> Data shown
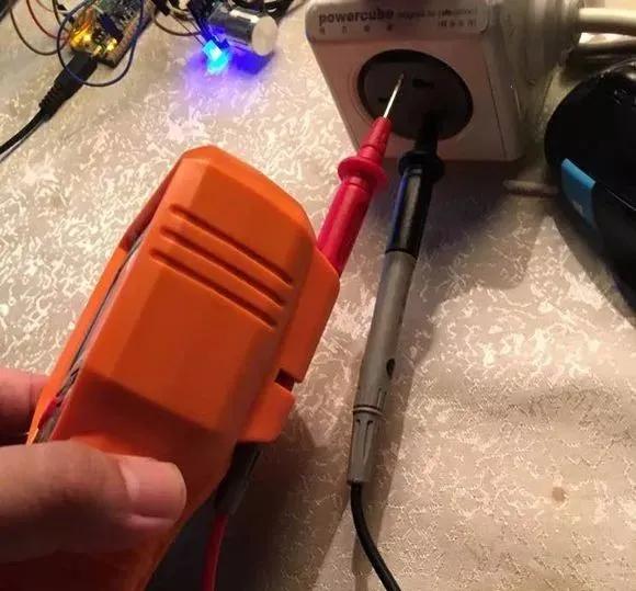 然后比较具有挑战性的是… 把表笔插到插座里~ 倒不是有什么危险 只是 1. SB国标插孔不用特尖表笔一般插不进 2. 即便插得进 笔针普遍不够长,表笔针不够长,接触不良得用手拿 左右捅一下然后固定。3. 交流电分零火不分正负,不要指望万用表交流档能直接测出零火线
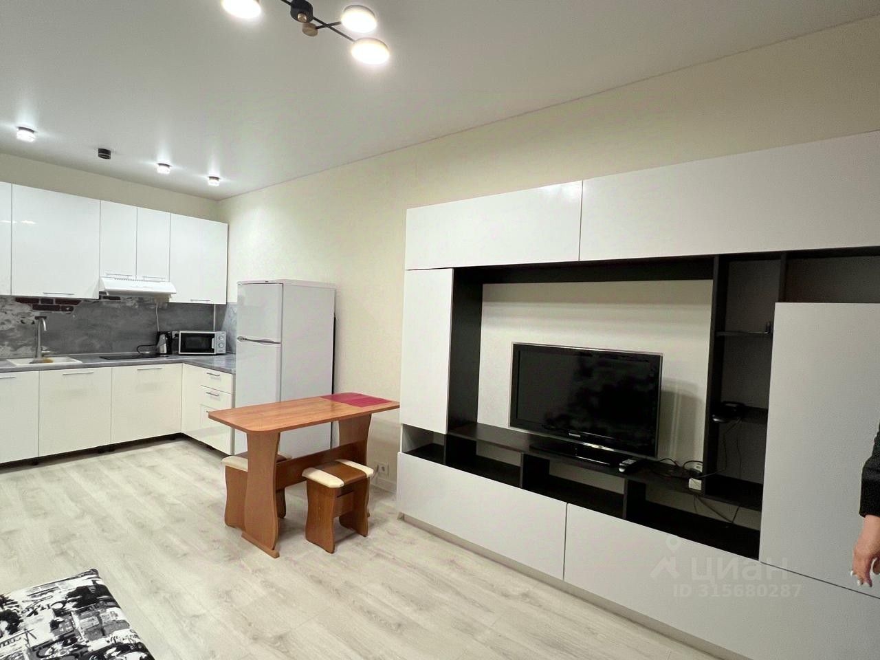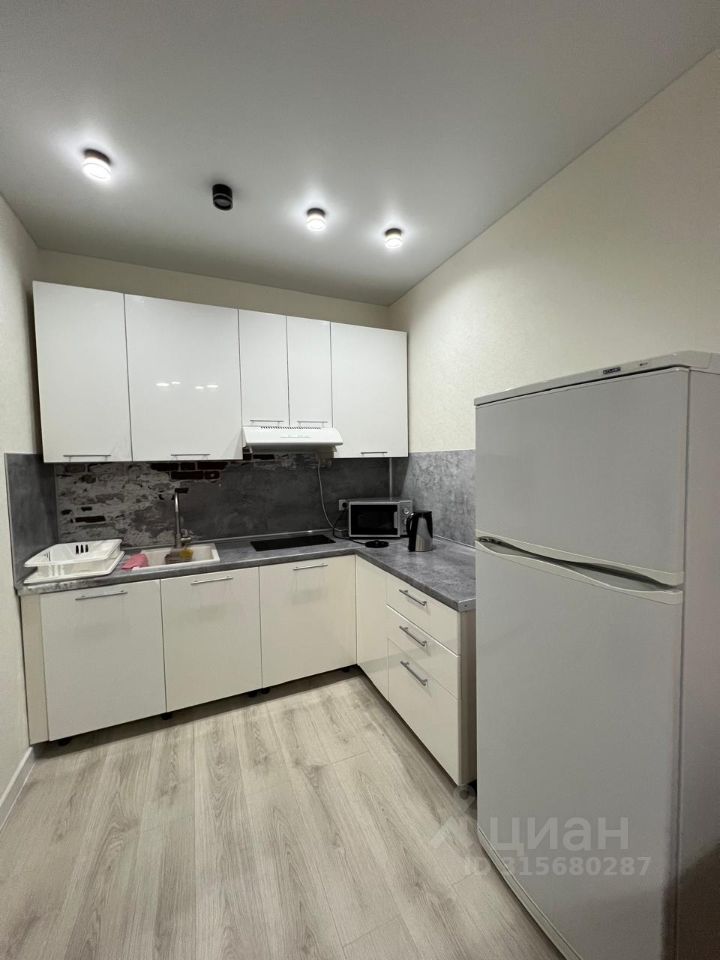 На кухне установлена современная мебель и бытовая техника, в комнате мебели нет
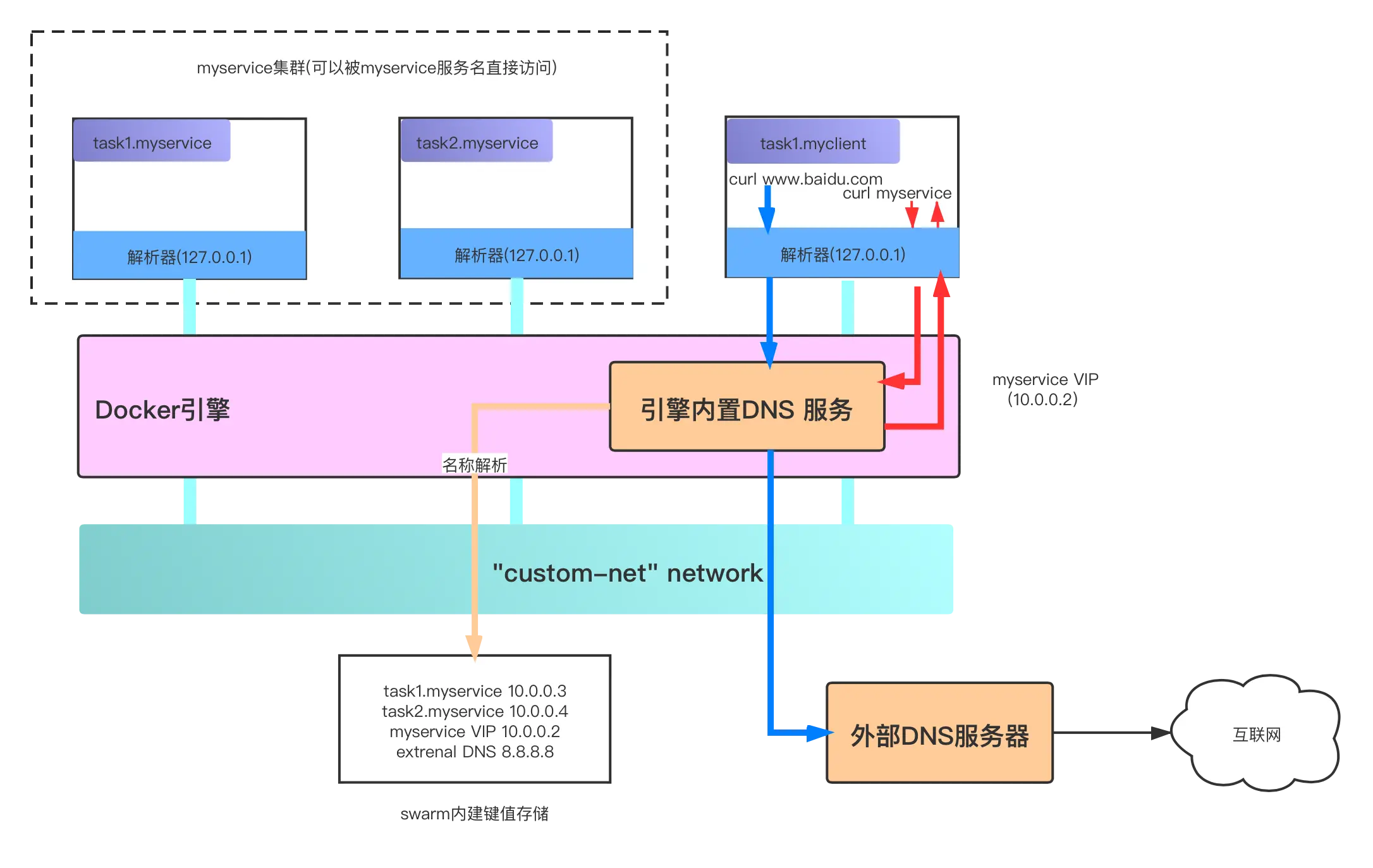 客户端myclient执行对myservice的curl请求,其实,它也是在对DNS进行请求。 容器内置的解析器将查询转发到Docker引擎的DNS服务器。 然后,对myservice的请求将解析为10.0.0.2虚拟IP,转发回客户端,客户端就可以通过虚拟ip去访问容器。
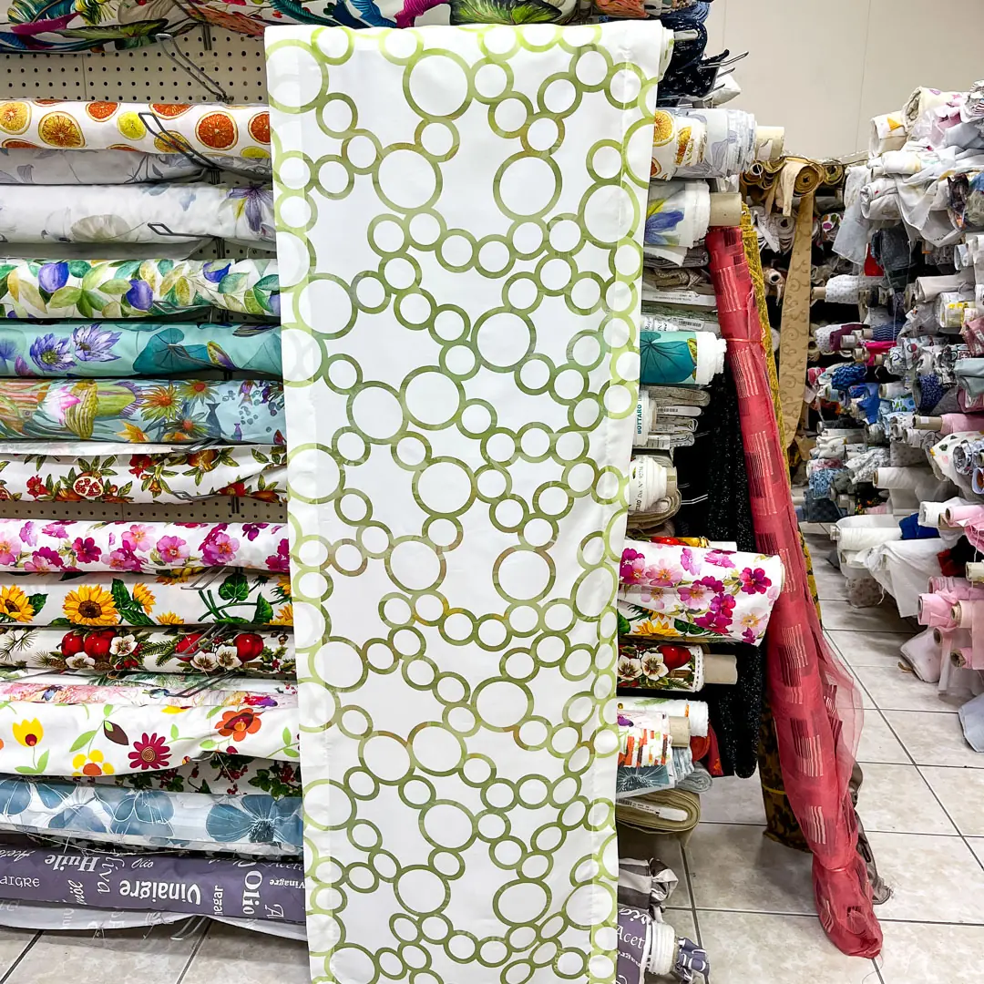 Base bianca con fantasia geometrica a cerchi verde salvia/verde oliva
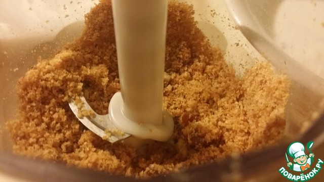 Остывшую массу отделить от фольги, поломать на кусочки. Половину засунуть в пакет и пройтись по нему несколько раз скалкой. Сильно мельчить не надо.
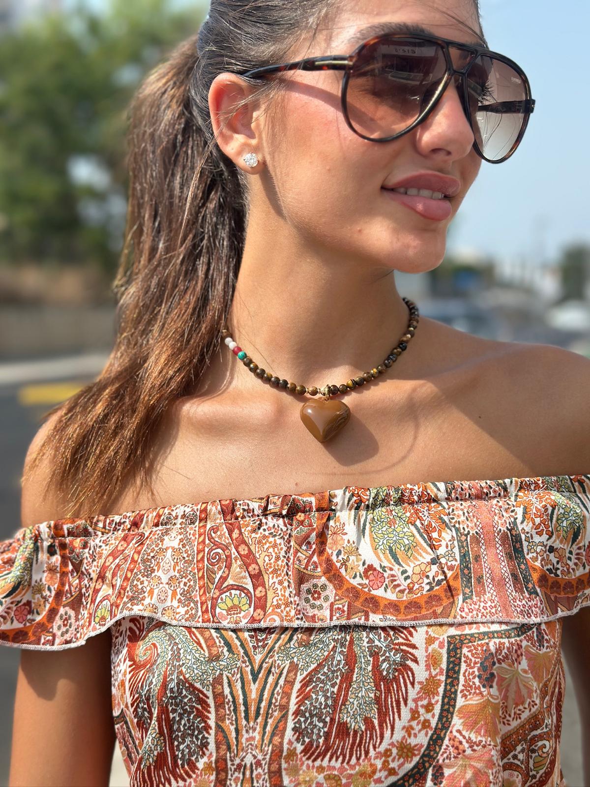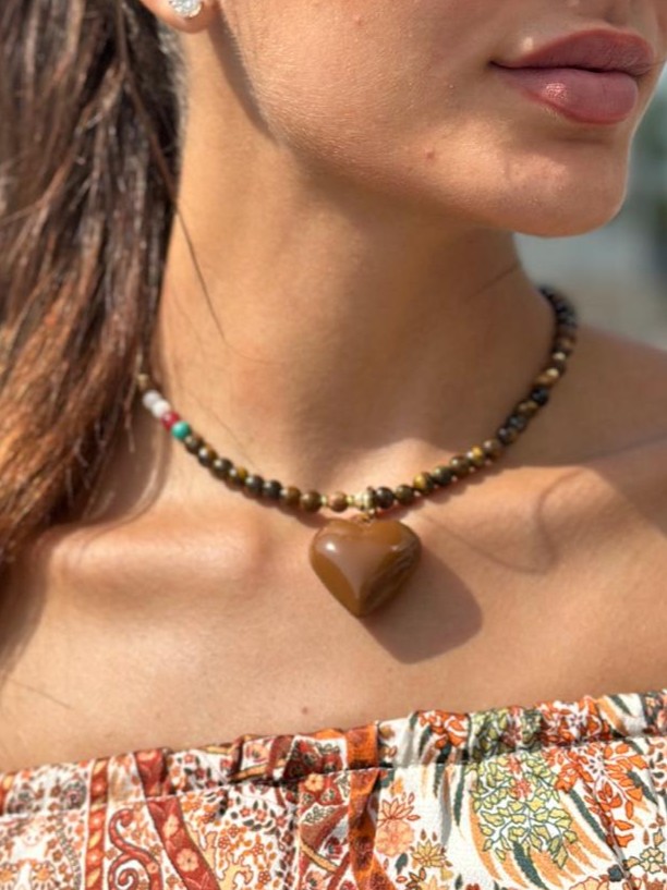שרשרת חרוזים חומים משולבת תליון לב גדול ומלא נוכחות
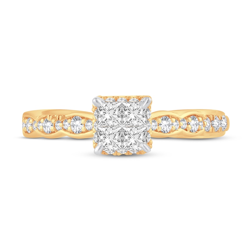 - Multi-Diamond Engagement Ring 5/8 ct tw Princess & Round Yellow Gold Plated
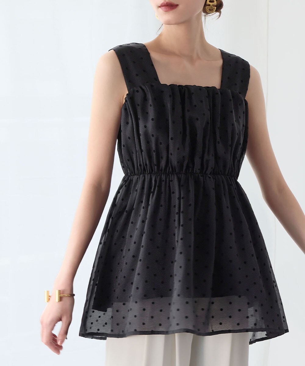 ドット柄 裾バルーンブラウス 黒 ポンチョとノースリーブの2way仕様
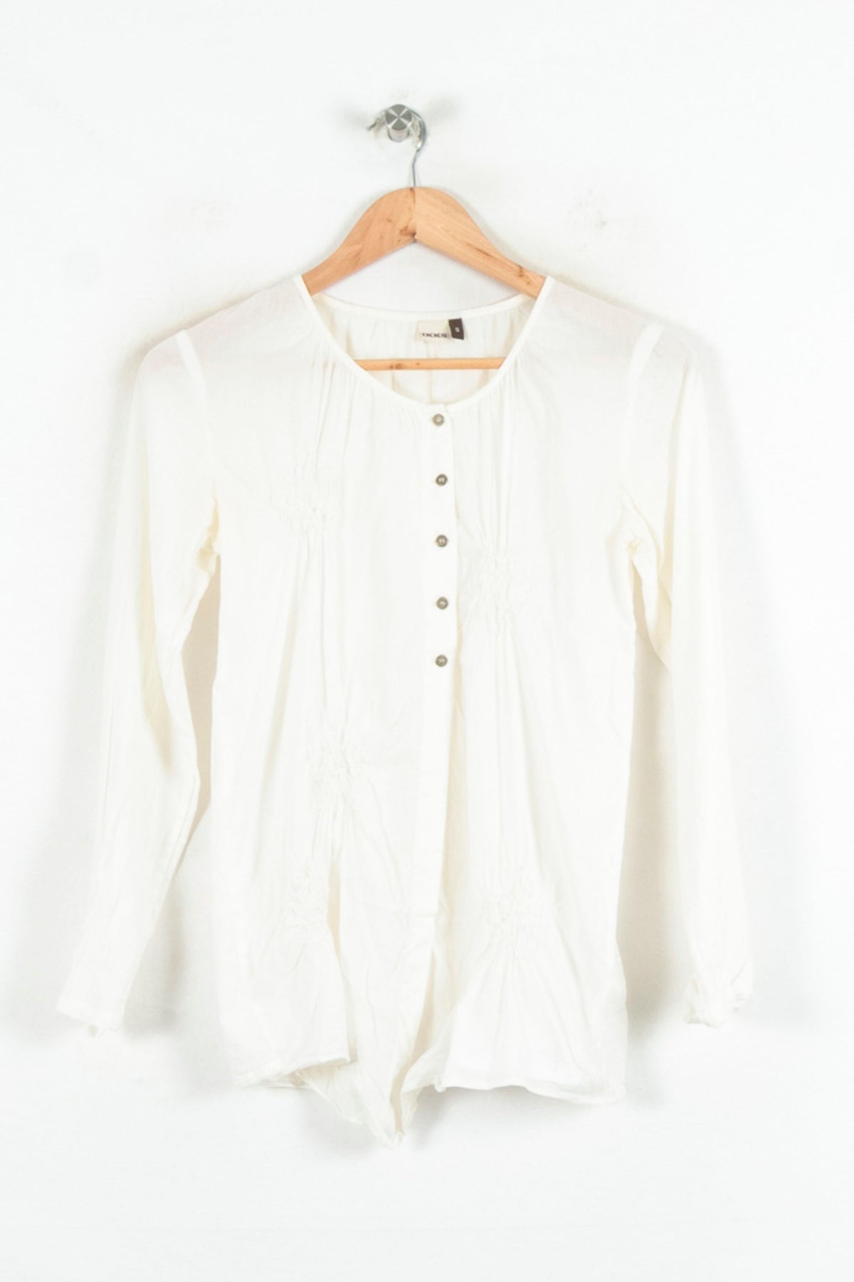 Blouse beige à manches longues IKKS, taille S/36, un top élégant et intemporel parfait pour sublimer toutes les silhouettes. Confectionné dans une matière fluide et légère, ce modèle se distingue par ses détails de fronces discrètes et ses boutons effet nacre sur le devant, lui apportant raffinement et originalité. À porter idéalement lors d’un déjeuner entre amis ou au bureau pour une allure chic et effortless.
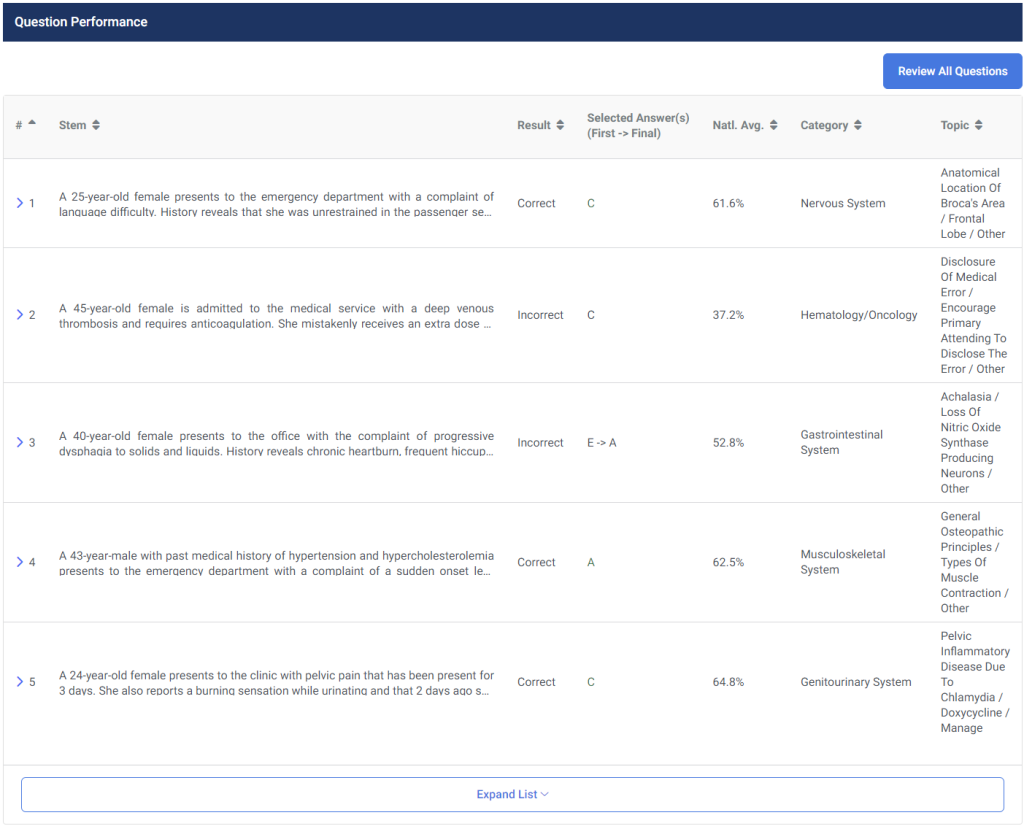 The Question Performance table is critical for helping you to identify where you need to target your study for improvement. It shows you how you performed on each question and allows you to directly target individual questions for review. Let’s learn about a few ways that you can use it in your review.
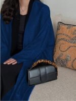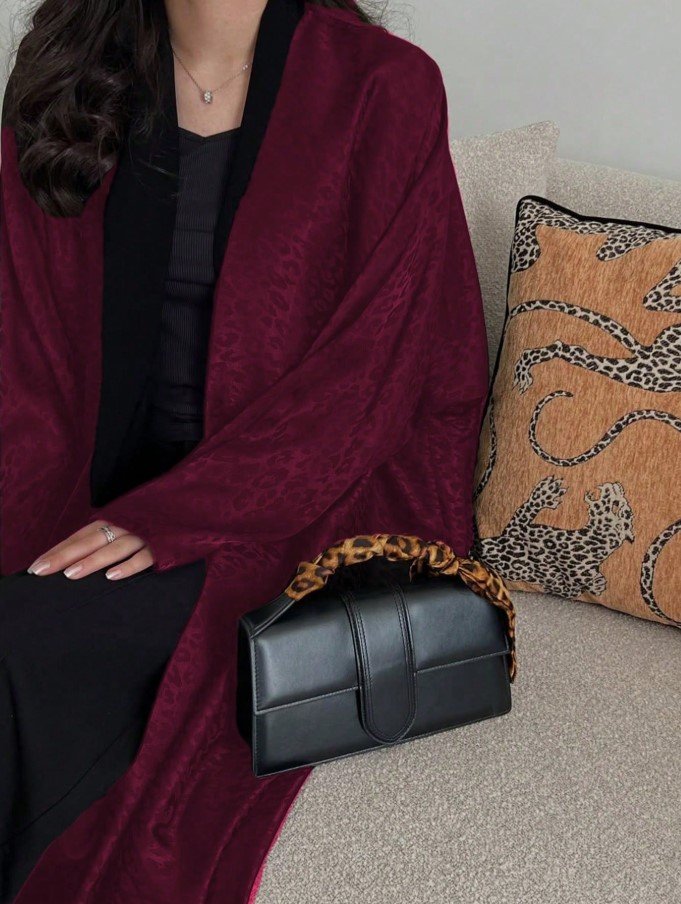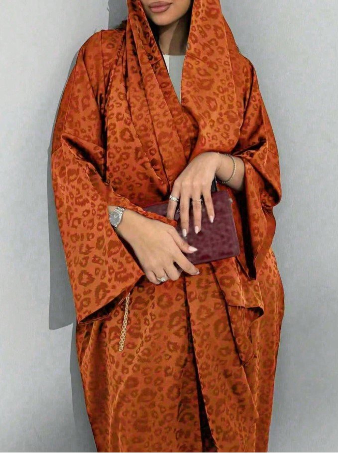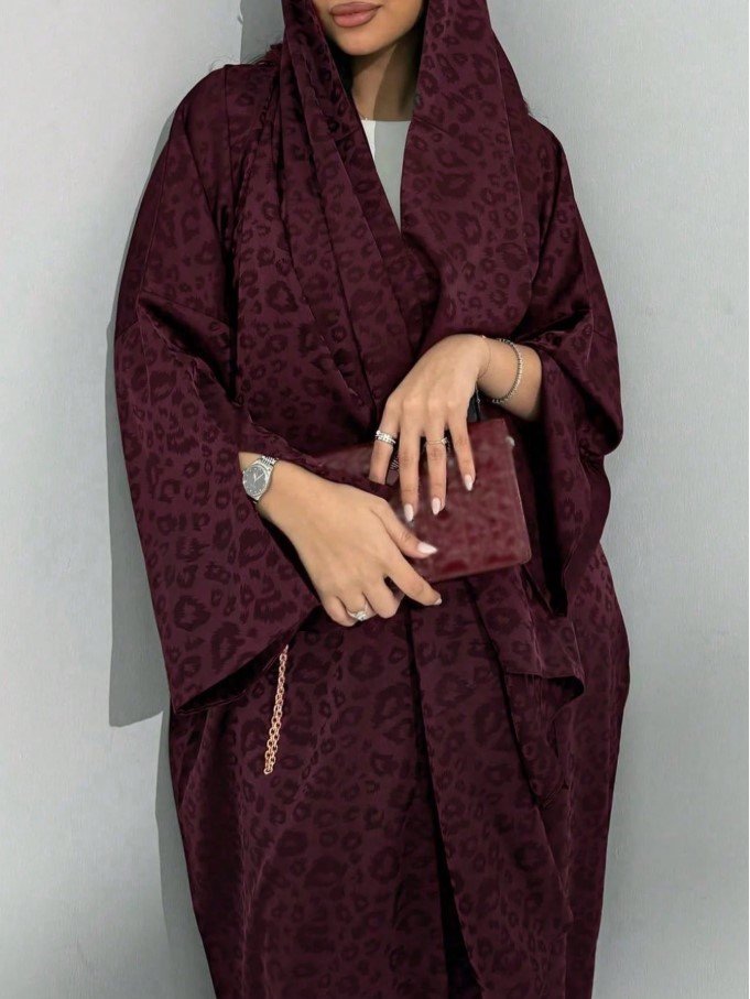 عباءة فضفاضة بلون أحادي على الطراز الشرق أوسطي مع أكمام على شكل خفاش وطرحة، عباية
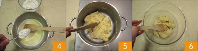 When it reaches a boil, remove the saucepan from the heat and add the sifted flour along with the baking powder 4, and stir vigorously. Then return the saucepan to low heat and continue stirring for 2-3 minutes until you obtain a homogeneous mixture 5. Transfer the mixture to a bowl and let it cool slightly 6.
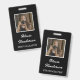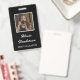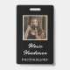 Make sure people know who you are when at your booth, walking around events and trade shows with this black and white photo name tag that features white script and modern typography and personal photo with white border on a black background on both sides.
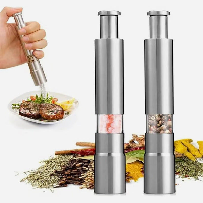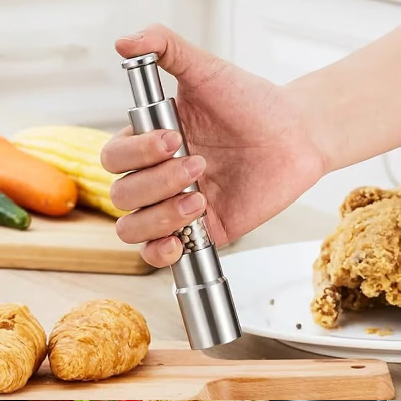 Heb je ooit gewenst dat kruiden zo makkelijk was als op een knop drukken? Met de Zout-, Peper- en Kruidenmolen is dat zo. Of je nu thuis kookt of gasten ontvangt, deze molen zorgt ervoor dat je altijd de perfecte hoeveelheid kruiden binnen handbereik hebt. Geen gedraai meer, geen rommel meer, alleen precisie en stijl - wat is er niet om van te houden?

> What is needed
The lines to set down run from the line with "שרשרת חרוזים חומים" up to and including the line with "عباءة فضفاضة بلون" in the entries above. Reproduce them exactly, with no pictures.

> Expected output
שרשרת חרוזים חומים משולבת תליון לב גדול ומלא נוכחות
 - Multi-Diamond Engagement Ring 5/8 ct tw Princess & Round Yellow Gold Plated
 ドット柄 裾バルーンブラウス 黒 ポンチョとノースリーブの2way仕様
 Blouse beige à manches longues IKKS, taille S/36, un top élégant et intemporel parfait pour sublimer toutes les silhouettes. Confectionné dans une matière fluide et légère, ce modèle se distingue par ses détails de fronces discrètes et ses boutons effet nacre sur le devant, lui apportant raffinement et originalité. À porter idéalement lors d’un déjeuner entre amis ou au bureau pour une allure chic et effortless.
 The Question Performance table is critical for helping you to identify where you need to target your study for improvement. It shows you how you performed on each question and allows you to directly target individual questions for review. Let’s learn about a few ways that you can use it in your review.
 عباءة فضفاضة بلون أحادي على الطراز الشرق أوسطي مع أكمام على شكل خفاش وطرحة، عباية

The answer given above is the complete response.